We won't go into any explanation of how the meters work in this guide, but if you use this code:

[MeterBackground]
Meter=Image
W=320
H=203
SolidColor=20,20,20,255

[MeterIPLabel]
Meter=String
X=160
Y=5
W=300
H=15
FontSize=11
FontColor=255,225,181,255
SolidColor=47,47,47,255
Padding=5,5,5,5
FontWeight=700
StringAlign=Center
AntiAlias=1
Text=IP Address Information

[MeterIP]
Meter=String
MeasureName=MeasureIP
X=160
Y=3R
W=300
H=15
FontSize=11
FontColor=255,225,181,255
SolidColor=47,47,47,255
Padding=5,5,5,5
FontWeight=700
StringAlign=Center
AntiAlias=1

[MeterCountryLabel]
Meter=String
X=5
Y=3R
W=300
H=15
FontSize=11
FontColor=255,225,181,255
SolidColor=47,47,47,255
Padding=5,5,5,5
AntiAlias=1
Text=Country:

[MeterFlagImage]
Meter=Image
MeasureName=MeasureFlagImage
X=90r
Y=7r

[MeterCountryCode]
Meter=String
MeasureName=MeasureCountryCode
X=4R
Y=-7r
FontSize=11
FontColor=252,251,202,255
SolidColor=0,0,0,1
Padding=5,5,5,5
StringCase=Upper
AntiAlias=1

[MeterCountryName]
Meter=String
MeasureName=MeasureCountryName
X=315
Y=0r
W=135
H=15
FontSize=11
FontColor=252,251,202,255
SolidColor=0,0,0,1
Padding=5,5,5,5
StringAlign=Right
ClipString=1
AntiAlias=1

[MeterRegionLabel]
Meter=String
X=5
Y=3R
W=300
H=15
FontSize=11
FontColor=255,225,181,255
SolidColor=47,47,47,255
Padding=5,5,5,5
AntiAlias=1
Text=Region:

[MeterRegion]
Meter=String
MeasureName=MeasureRegion
X=315
Y=0r
W=300
H=15
FontSize=11
FontColor=252,251,202,255
SolidColor=0,0,0,1
Padding=5,5,5,5
StringAlign=Right
AntiAlias=1

[MeterCityLabel]
Meter=String
X=5
Y=3R
W=300
H=15
FontSize=11
FontColor=255,225,181,255
SolidColor=47,47,47,255
Padding=5,5,5,5
AntiAlias=1
Text=City:

[MeterCity]
Meter=String
MeasureName=MeasureCity
X=315
Y=0r
W=300
H=15
FontSize=11
FontColor=252,251,202,255
SolidColor=0,0,0,1
Padding=5,5,5,5
StringAlign=Right
AntiAlias=1

[MeterCityLatitudeLabel]
Meter=String
X=5
Y=3R
W=300
H=15
FontSize=11
FontColor=255,225,181,255
SolidColor=47,47,47,255
Padding=5,5,5,5
AntiAlias=1
Text=Latitude:

[MeterLatitude]
Meter=String
MeasureName=MeasureLatitude
X=315
Y=0r
W=300
H=15
FontSize=11
FontColor=252,251,202,255
SolidColor=0,0,0,1
Padding=5,5,5,5
StringAlign=Right
AntiAlias=1

[MeterCityLongitudeLabel]
Meter=String
X=5
Y=3R
W=300
H=15
FontSize=11
FontColor=255,225,181,255
SolidColor=47,47,47,255
Padding=5,5,5,5
AntiAlias=1
Text=Longitude:

[MeterLongitude]
Meter=String
MeasureName=MeasureLongitude
X=315
Y=0r
W=300
H=15
FontSize=11
FontColor=252,251,202,255
SolidColor=0,0,0,1
Padding=5,5,5,5
StringAlign=Right
AntiAlias=1

You will end up with a final skin that looks like this.
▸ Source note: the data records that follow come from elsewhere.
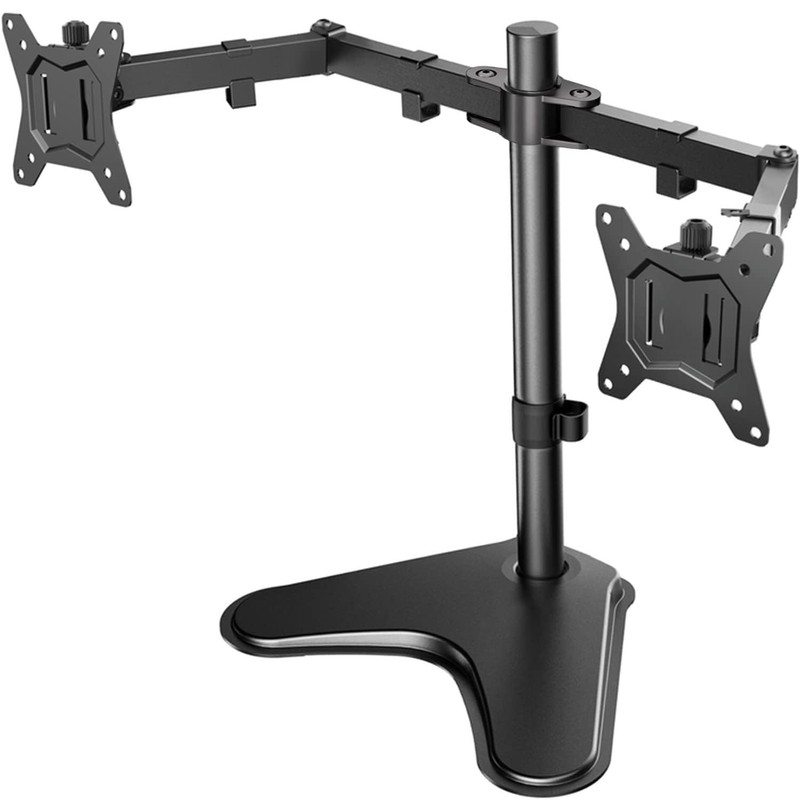 HUANUO Dual Monitor Stand, 32 inch Free Standing Monitor Desk Mount, Fully Adjustable Dual Monitor Arm with Vesa Mount 100x100 Max, Computer Monitor Desk Stands for 2 Monitors, Black, HNCM1
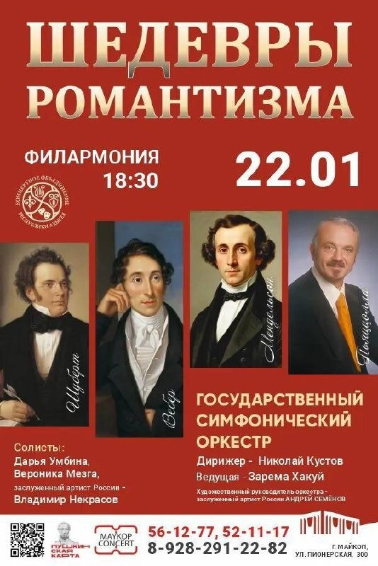 » В программе – произведения композиторов эпохи романтизма, отличающиеся выразительностью образов и насыщенной гармонией: Ф. Шуберт – Симфония №8, К. Вебер – Сцена и Ария Агаты из оперы «Вольный стрелок», Ф. Мендельсон – Концерт для фортепиано с оркестром №2, А. Пьяццолла – «Ave Maria». В концерте примут участие солисты: Дарья Умбина (сопрано), Вероника Мезга (фортепиано), заслуженный артист России Владимир Некрасов (аккордеон). Мероприятие входит в программу «Пушкинская карта»🟥 💬Минкульт Адыгеи в МАХ
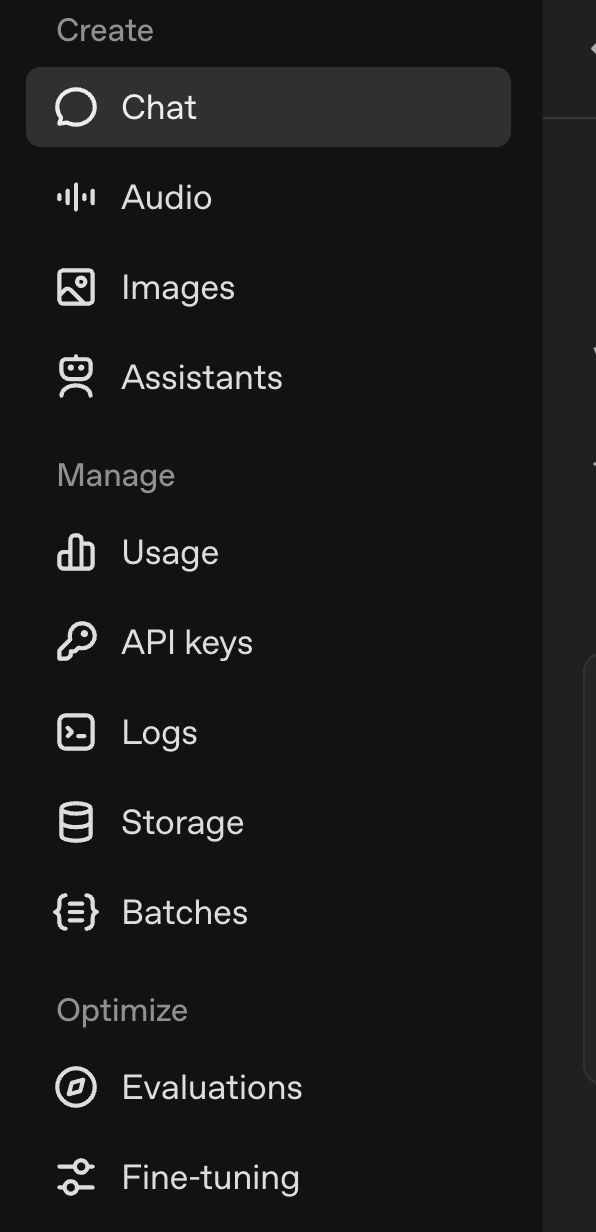 Optimize: 作成したプロンプトやモデルを評価するEvaluationsや、Fine-tuningなど、性能を「最適化」するための高度な機能が含まれます。
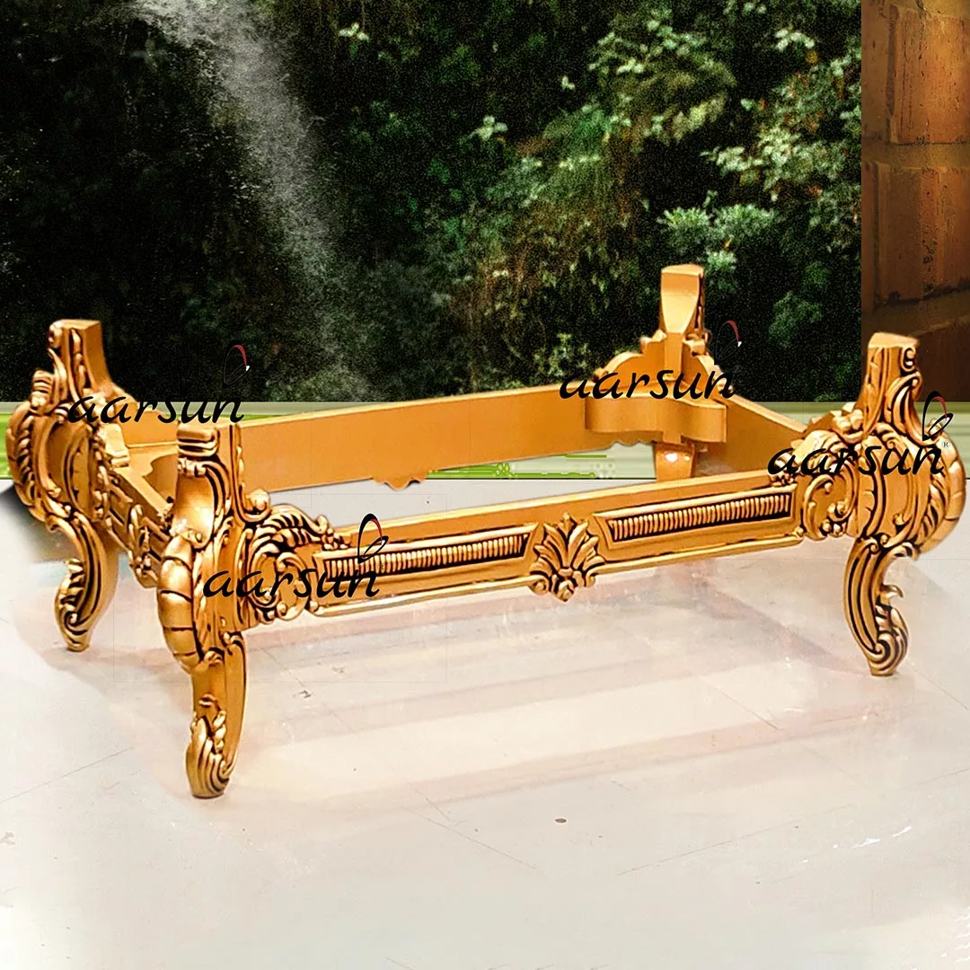 A Luxurious Wooden Center Table in Beautiful Antique Gold Paint uniquely handcrafted as per the client’s requirements.
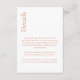 Project a sense of modern simplicity with this classic citrus grove wedding enclosure card. It has a clean minimalist look in white with sunny citrus orange serif text and shares important details with your invited guests. You can include such items as hotel accommodations info, transportation or parking info, your wedding website and more. Personalize the text with any details you wish to provide and enclose these cards with your wedding invitations.
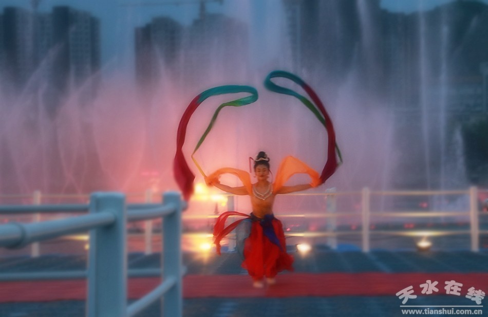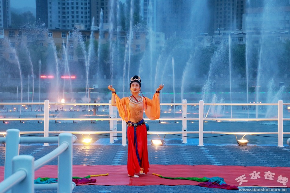 “麥積飛天”舞蹈,由天水在線邀請?zhí)焖懈栉鑸F王時飛導(dǎo)演根據(jù)麥積山石窟散花樓飛天壁畫和天女散花故事創(chuàng)編,由天水在線主播萌萌在天水湖“大美天水”音樂噴泉舞臺進行表演。
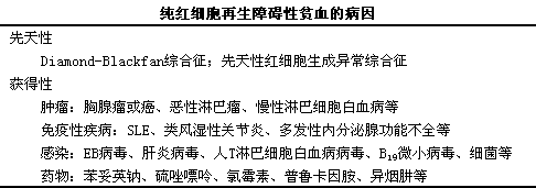 按病因两大类分为:i先天性和获得性,l详见下表6,l也有少数患者找不到明确的病因。获得性又分为急性和慢性,l急性PRCA有的又称为急性造血停滞(通常是病毒如B19微小病毒感染引起的)。有些PRCA在病程中发生了白细胞、i血小板减少,l而成为一般的再障。PRCA的发病机制不清楚,l可能与免疫有关。
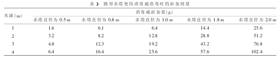 畜禽飲用水的凈化消毒方法在豬場(chǎng)規(guī)劃建設(shè)時(shí)就應(yīng)該設(shè)計(jì)好,一般養(yǎng)殖場(chǎng)基于成本的原因往往采用化學(xué)消毒法。豬場(chǎng)的飲水量大,同時(shí)水塔/水箱容積較小,往往采用“藥物緩釋消毒法”,即一次投藥后保持一定時(shí)期對(duì)水的有效消毒,利用進(jìn)水管口水流速度大小緩慢釋放藥物,達(dá)到消毒要求的藥物濃度的藥量。該方法在第1次使用時(shí)需要進(jìn)行試驗(yàn),確保消毒劑在設(shè)定的消毒時(shí)期內(nèi)被完全釋放,如利用消毒威(湖南五指峰生化有限公司生產(chǎn))對(duì)圓形水塔消毒方法見(jiàn)表3。
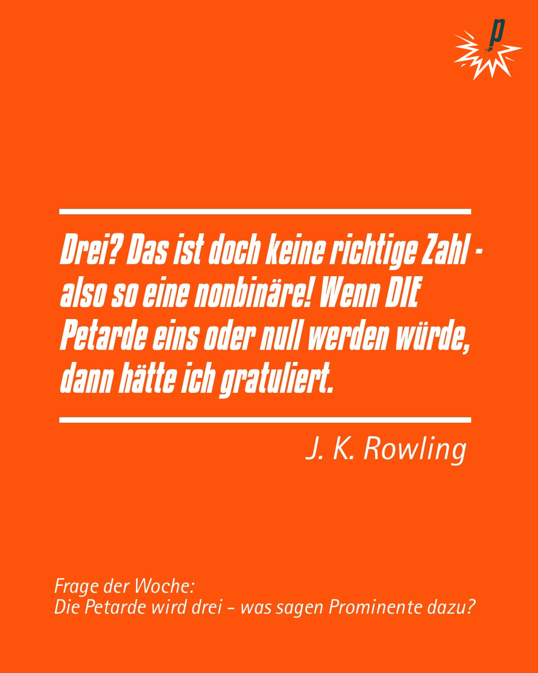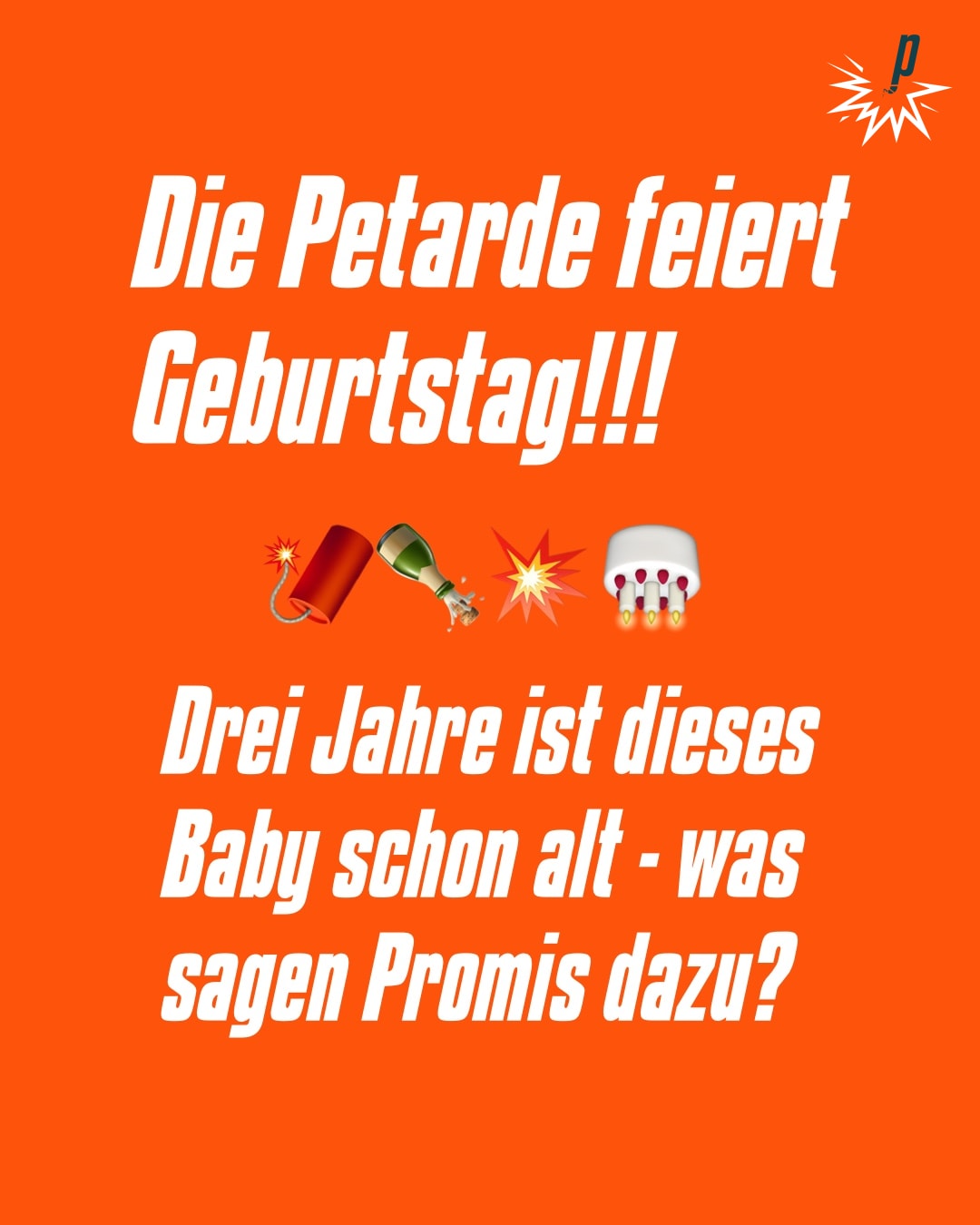 Beitrag "3 Jahre Petarde - das sagen Promis dazu" öffnen2. Oktober 2025, 14:53 Uhr3 Jahre Petarde - das sagen Promis dazuShareLink kopiert2

You can download the completed .rmskin here:

Download WebParserTutorial.rmskin.

I hope this guide will help you get started with WebParser. It is one of the most powerful features of Rainmeter.

Again, tons of additional help for regular expressions in Rainmeter can be found at: Regular expression options.